The translation of the constellation Hydra is Water Serpent, and astronomers now know the name is strangely appropriate for at least part of the formation. One of the fainter stars in the serpent is an orange-dwarf tagged TW Hydrae, it’s about 176 light-years away. Astronomers have known for some time this star is very young, and more recently a protoplanetary disk has been detected around the infant star. Now, astronomers have refined a technique which measures spin in molecules making up the disk and found something intriguing. Phil Plait explains the nifty science:
Each hydrogen atom has a proton in it, and protons have a property scientists call spin. They can spin either one way or another; scientists call this spin up or spin down. This is important because the total amount of energy in a water molecule is different if the two hydrogen atoms spin the same way (say, both up) versus different ways (one up and the other down). The first case is called ortho, and the second para.

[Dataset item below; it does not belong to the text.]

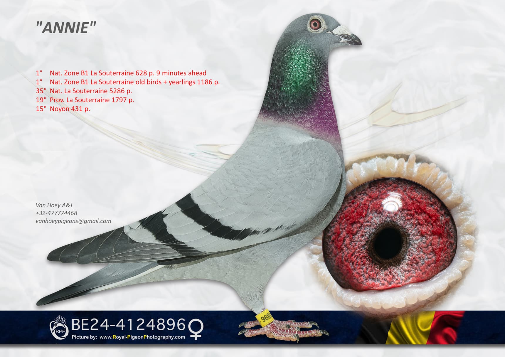 Cette dernière femelle est une soeur de plusieurs super pigeons dont 2 + 3 Nat (z) Bourges 4,164p - 3 Nat Gueret 12,888p
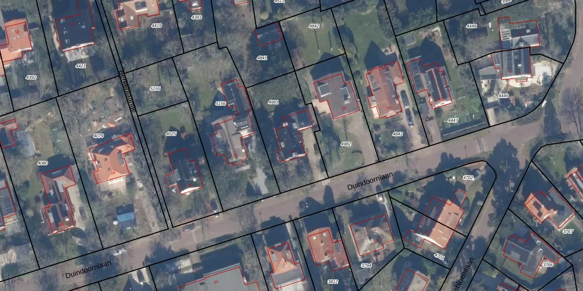 Het perceel waarop Duindoornlaan 18 staat heeft een oppervlakte van 696 m². Dit is een groot perceel. De perceeloppervlakte wordt geregistreerd door het Kadaster. Gedetailleerde informatie over de maten van dit perceel kunt u vinden in het rapport Kadastrale kaart met maatvoering van Duindoornlaan 18.

Each emits a slightly different wavelength of light, which can be measured if you’re careful.
That analysis is what allowed astronomers to pin down the temperature of the water in the disk. And surprise, it’s chilly! Which means it has to be distributed all over the disk well away from the star. They further estimated the total water volume at about 1000 times all the water in all the oceans of earth!
That’s important to us water-bags. Our bodies are mostly made of good ole dihydrogen monoxide, H2O, so we tend to think pretty highly of the stuff. Follow the water is the mantra among astro-biologists these days, whether its the ancient dunes of Mars or a the distant misty eye of a cosmic sea serpent. This find suggests that alien seas on worlds young and old are common throughout the galaxy and, we can speculate, life would have a fighting chance to exist in some of them. I wonder what they would be like?